Environmental Control for Greenhouse-Grown Sweetpotato Slips
Greenhouses are used to protect plants from extreme temperatures, rain, sleet, snow, wind, hail, insects, and diseases. Their purpose is to provide a controlled environment to optimize plant growth and development, not just to avoid extremes in the weather. They can provide an ideal growing environment through manipulation of air temperature and quality, humidity, light, water, and fertilizer.
This publication outlines recommendations for selecting and constructing a greenhouse for virus-tested sweetpotato slip production in Mississippi. Virus-tested sweetpotato slips are the source of clean plant material for production of certified foundation seed roots for the state of Mississippi. Certified seed roots produced from virus-tested, clean plant material provide stakeholders with high-quality, “true-to-type” varieties to maximize commercial yield potential.
Select a site that has access to both electricity and fresh, potable water. The water source should be from a public water system or private well, not surface water. It is best to test the pH and adjust it to 5.6 to 6.0.
Choose an area with no shading from trees or tall buildings. Be sure there are no shadows during the early morning or late afternoon hours. Sweetpotato plants require full sunlight for rapid growth and development. However, once slip production is complete and full sunlight is not necessary, the greenhouse can be shaded with shade cloth or shade compound.

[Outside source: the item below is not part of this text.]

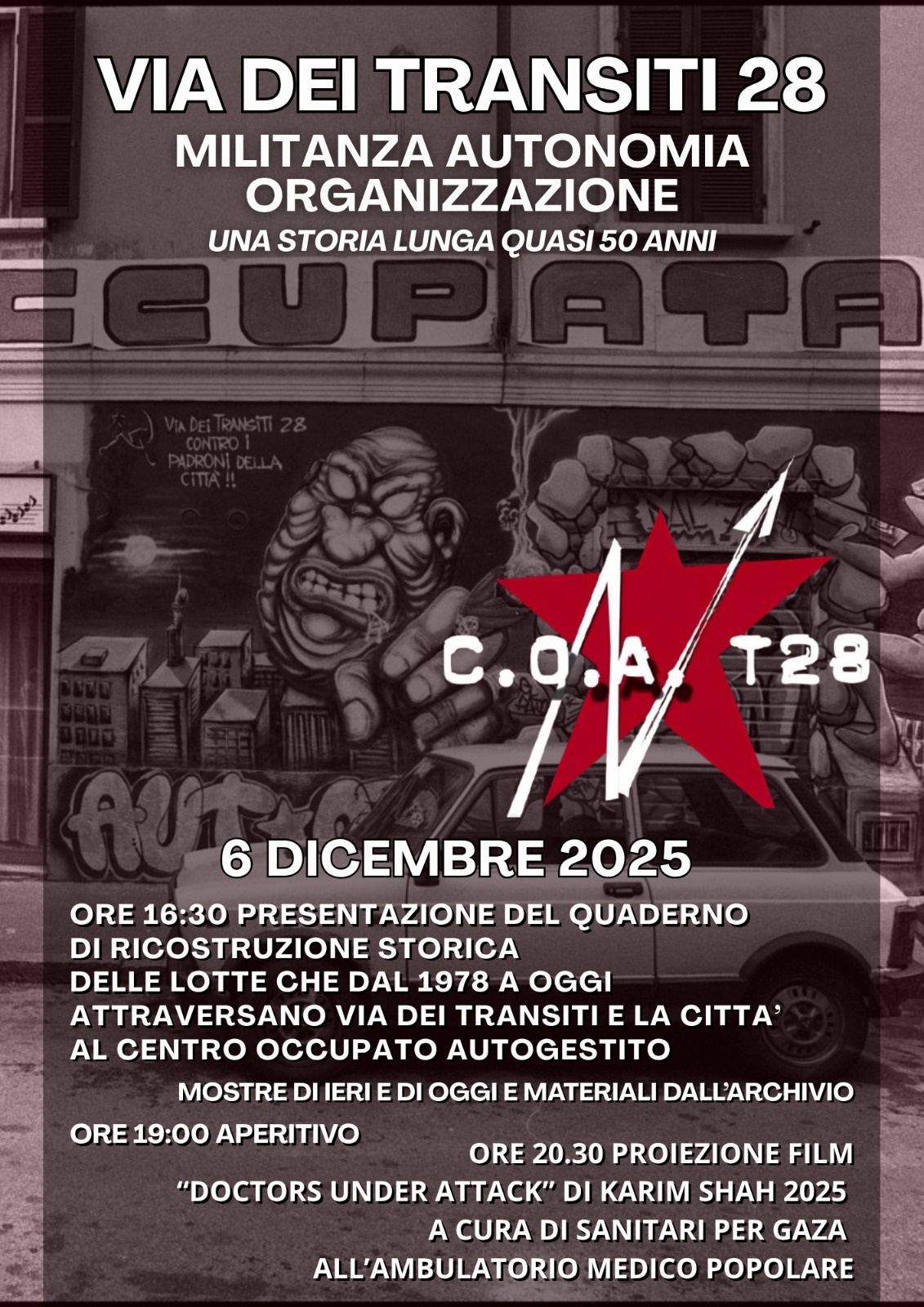 presentazione del quaderno di ricostruzione storica delle lotte che, dal 1978 ad oggi, hanno attraversato e attraversano Via Dei Transiti e la città.

Choose a site with room for possible future expansion. You may want to start with only one greenhouse, but locate it so there is ample room to add more greenhouses if needed later. Also consider topography; choose a well-drained site where water does not collect. Drainage should be one of your first considerations. If the soil is mostly sand, water will percolate directly through the soil under the greenhouse. However, many soils in Mississippi have a large clay component. In poorly drained soils, water drainage must be designed into the system.
Position greenhouses to face a north–south direction rather than east–west. This siting becomes even more important as bays are added in a gutter-connected formation. The shadow caused by the gutter will leave an immobile shadow in an east–west range, whereas, in a north–south range, the gutter shadow will move across the crop during the day as the sun moves from east to west.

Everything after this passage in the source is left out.